Don't build it, rent it. For the cluster size (number of cores) you are proposing, it will be much faster, easier, and cheaper to rent the resources you need from Amazon Web Services. Then use MIT StarCluster to build the software infrastructure, run your cluster jobs, and shut the whole thing down. If you want to learn about building small clusters, that's a fun academic exercise. If you want to get work done, rent a cluster by the hour.
Messing with old hardware to try and make it rack mountable? Pfft. Save the effort. Buy a few mid-range servers and you'll get similar compute performance compared to that energy hog of a cluster. If you really want to use that hardware, don't remount it. Just stack the servers in a corner, plug them in, and install ROCKS. It's still gonna be an energy hog and have crappy performance though.
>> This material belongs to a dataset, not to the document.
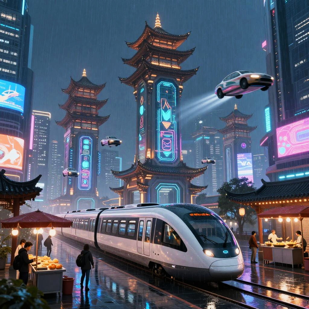 Asian futurism transportation hub with sleek maglev trains and flying cars zooming through a city filled with towering pagodas embedded with smart glass panels and AI-operated street vendors, set in a rainy night illuminated by pulsating neon and holographic advertisements

A few people are saying don't bother. I'd like to extrapolate on that a little.
If your problem is embarrassingly parallel, you might get some good mileage out of your cluster. If not, don't bother.
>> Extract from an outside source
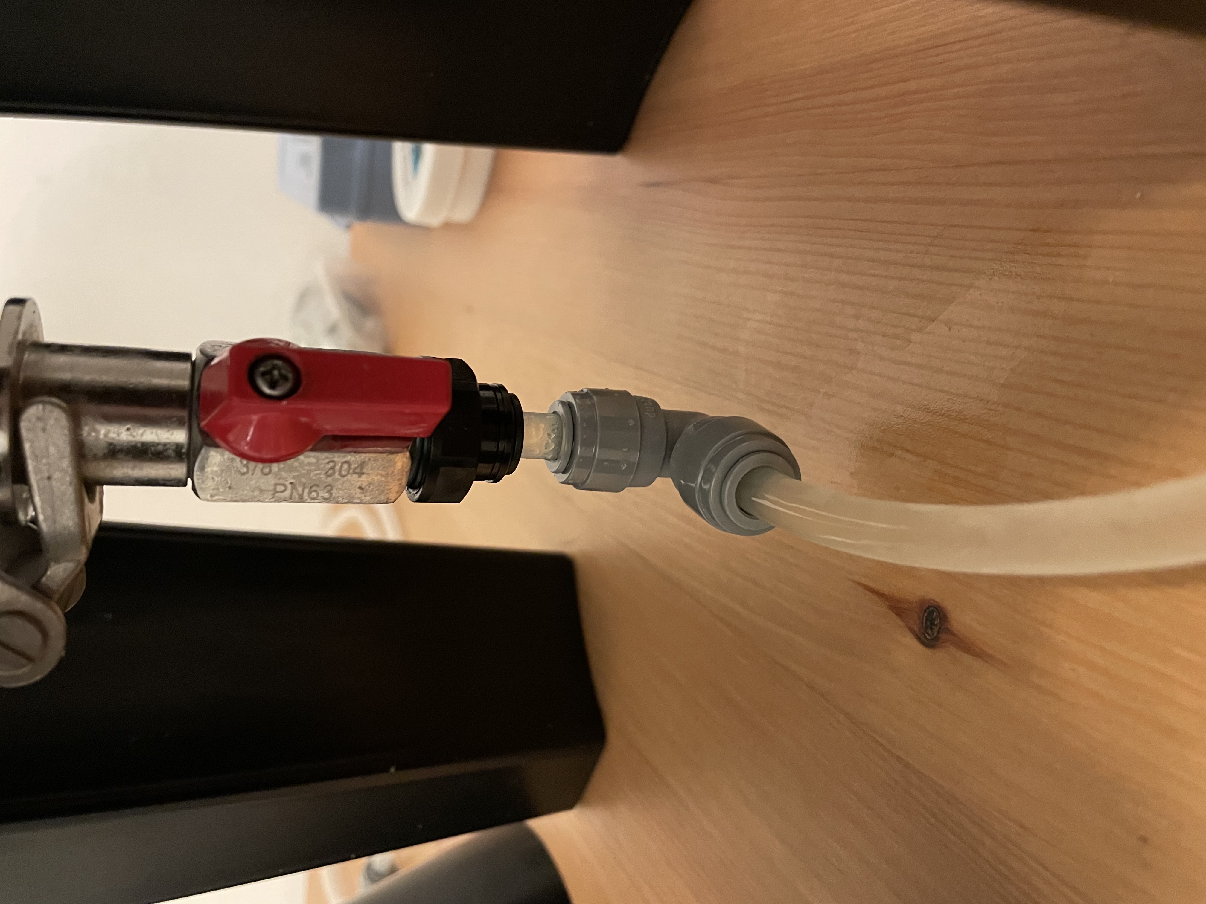 Geh am besten nach dem 3/8-JG/Duotight Adapter mit einem elbow um 90grad, dann hast du weniger Sorgen, dass das dicht wird:

it would be cheaper and faster to replace those 14 E8000 with 4 I7-3900 with DDR3 - old hardware should be retire, they are a pain to maintain, worse yet
no one carry those IDE PATA
Raspberry Pi.
http://www.tomshardware.com/news/Raspberry-Pi-Supercomputer-Legos-Linux,17596.html
Why not give them away and buy 2 i7 26xx or better CPU's for the same performance? You could fit that in 1U instead of a 42U rack. No switch required, smaller UPS required, less aircon load, less electricity.
Check out the Microwulf work. It's not necessarily what you're looking for, but the community has produced some creative custom cases/racks. It might give you some fresh ideas.
We have a cluster at my lab that's pretty similar to what the submitter describes. Over the years, we've upgraded it (by replacing old scavenged hardware with slightly less old scavenged hardware) and it is now a very useful, reasonably reliable, but rather power-hungry tool.
Thoughts:
- 1GbE is just fine for our kind of inherently parallel problems (Monte Carlo simulations of radiation interactions). It will NOT cut it for things like CFD that require fast node-to-node communication.
- We are running a Windows environment, using Altair PBS to distribute jobs. If you have Unix/Linux skills, use that instead. (In our case, training grad students on a new OS would just be an unnecessary hurdle, so we stick with what they already know.)
- Think through the airflow. Really. For a while, ours was in a hot room with only an exhaust fan. We added a portable chiller to stop things from crashing due to overheating; a summer student had to empty its drip bucket twice a day. Moving it to a properly ventilated rack with plenty of power circuits made a HUGE improvement in reliability.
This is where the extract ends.